The present study proposes an experimental protocol designed for a more detailed analysis of the interactions between heat and moisture transfer, as well as the thermal effects on the soil’s hydrodynamic properties. A short-duration drying test, performed in a reduced-scale setup, is developed to allow for controlling the thermal gradient. During the test, temperature and suction are regularly monitored within the soil column. The effects on the retention curve and the unsaturated hydraulic conductivity will be analyzed, as well as the heat-induced moisture redistribution through flux calculations, including the role of the vapor phase in evaporation and condensation processes. The objective is to enhance understanding the thermo-hydraulic interactions in unsaturated soils from the perspective of optimizing thermal storage applications in embankments.

2. Materials and Methods

This section presents the tested soil, the sample preparation, and the experimental approach developed to investigate soil drying under isothermal and non-isothermal conditions. An initial test was conducted using stainless steel molds to ensure reliable measurements of water content and suction, based on a validated method from previous studies [27]. However, due to the high thermal conductivity of metallic molds, a new setup using plastic molds with smaller dimensions was designed. The lower thermal conductivity of plastic allows heat to be applied while limiting lateral losses. To validate this configuration, an isothermal test was first performed. Once validated, the setup was used to assess the impact of temperature through a non-isothermal drying test.

2.1. Soils Properties

The soil tested in this study was collected in the Paris region (France). After drying, pulverization, and sieving, subsequent X-ray diffraction analysis revealed that the soil is primarily composed of quartz (81%) with smaller amounts of dolomite (7%), calcite (5%), clay minerals (5%), and feldspath (3%). Particle-size distribution analysis showed that approximately, 20% of the soil particles are smaller than 2 μm, and 37% are smaller than 63 μm [41]. The main soil properties as determined by [12] on the fraction smaller than 2 mm are shown in

Table 1. Material characteristics [12].

Composition
Quartz	81%
Calcium Carbonate	5% calcite, 7% dolomite
Feldspath	3%
Clay minerals	5%
Particle-Size Fractions
Passing at 63 μm (%)	37
Passing at 2 μm (%)	20
Carbonate Content
CaCO3 (%)	0.80
Optimum Proctor Normal
ρd (Mg.m−3)	1.81
wOPN (%)	16.3

.

The Atterberg limits of the soil were determined in accordance with [42] revealing a liquid limit (LL) of 30.7%, a plastic limit (PL) of 21.6%, and a plasticity index (PI) of 9.1. According to the Unified Soil Classification System [43] the material is classified as sandy lean clay. According to the French soil classification standard [44], it is classified as a low-plasticity clay (F1).

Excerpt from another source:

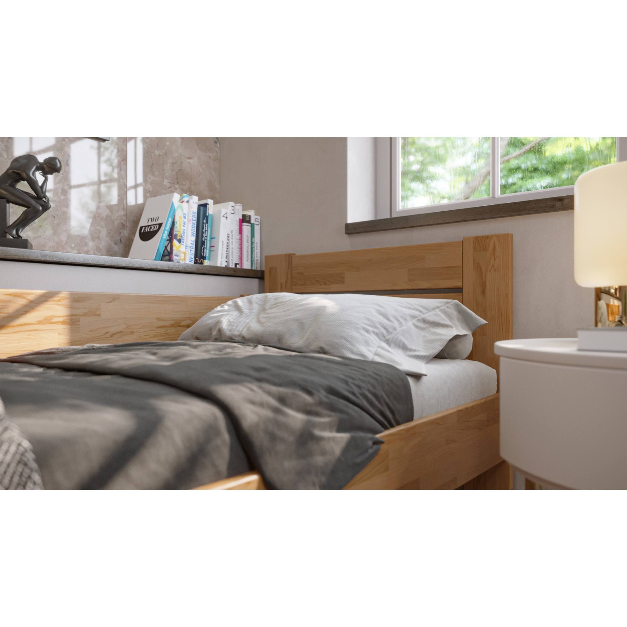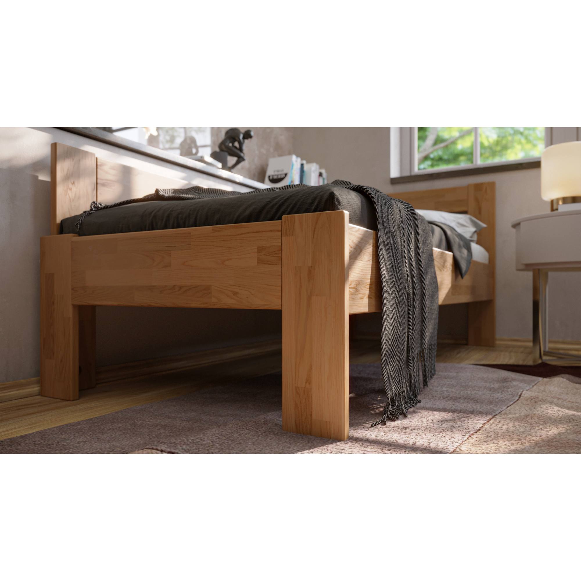 - Doplňující poznámka: Postel z dubového masivního dřeva je mořená do odstínu světlý ořech. Maximální nosnost celé postele je 130 kg.

Boukelia et al. [45] identified the optimal compaction state for the soil that enhances heat storage efficiency at an optimum water content (w) of 16.3% and a dry density (ρ_d) of 1.72 Mg.m⁻³ (95% of the optimum proctor). Therefore, all samples tested in this study were compacted at this initial compaction state. In this condition, the water content at saturation is estimated to be 18.5% (w_sat) and the saturated hydraulic conductivity k_s was measured at 1.2·10⁻⁹ m/s [27].

2.2. Experimental Setup

2.2.1. Preparation and Assembly of the Reference Isothermal Drying Test

The wet soil was compacted in 10 stainless steel molding cells, at the initial compaction state determined in Section 2.1, each cell having a thickness of 20 mm and a diameter of 70 mm. Each sample was gradually saturated by adding small increments of water at the surface, with resting periods between additions to facilitate uniform infiltration through capillary action, then sealed separately for 24 h to achieve homogenization. To ensure the reliability of this method, a preliminary test was performed on similarly prepared samples, which were sectioned and analyzed for local water content, confirming a satisfactory degree of homogeneity. The 10 samples were superimposed to form column 1 with a height of 200 mm (Figure 1b).

A series of dry filter papers (Whatman 42, Cat No. 1442-055) protected by a pair of larger filter papers (Whatman 42, Cat No. 1442-090), (all sourced from GE Healthcare Life Sciences, Little Chalfont, UK), were interposed between the samples (Figure 1a). Regularly weighing the filter papers allows to monitor the soil matric suction profiles Ψ_h (h meaning the distance to the interface). After assembling the column, it was sealed for hydraulic equilibrium for at least 24 h at 20 ± 1 °C.

2.2.2. Preparation and Assembly of the Newly Designed Non-Isothermal Drying Test

A new design (Figure 2a,b) was developed using smaller plastic cells with a thickness of 15 mm and a diameter of 36.4 mm to reduce the test duration. The plastic cells were designed with small grooves to introduce thermocouples, ensuring accurate temperature measurements within the soil column. Ten soil samples were compacted at the initial compaction state into the plastic cells. Five of these specimens were superimposed to form column 2, and the remaining five were superimposed to setup column 3 (Figure 2c). Both columns are 75 mm high. The filter-paper setup and sealing procedure used for column 1 were similarly applied to columns 2 and 3.

For non-isothermal test, column 3 was placed on a Decagon Temperature homogenization plate capable of controlling temperature in the range of −10 to 90 °C ± 1 °C. A sapphire disk with a diameter of 36.4 mm was placed at the bottom of the column for optimal heat conduction. Local temperature values were measured using Thermocouples sensors (RS Pro type K, 1/0.2 mm in diameter, ±1.5 °C precision) inserted between the cells on top of the calibration filter papers (T₁₅; T₃₀; T₄₅; T₆₀) (Figure 2a). One additional sensor measured the ambient air temperature (T₀), while a second one monitored the temperature at the base of the column (T₇₅) (between the sapphire disk and the heating plate), and a third sensor was placed directly on the heating plate to ensure its temperature stability. These sensors were connected to a computer system which allowed them to record and monitor the temperature in real time.

2.3. Experimental Program

This part presents the three drying tests (E1, E2 and E3) conducted on soil columns prepared as described in Section 2.1.

2.3.1. Isothermal Drying Tests (E1 and E2)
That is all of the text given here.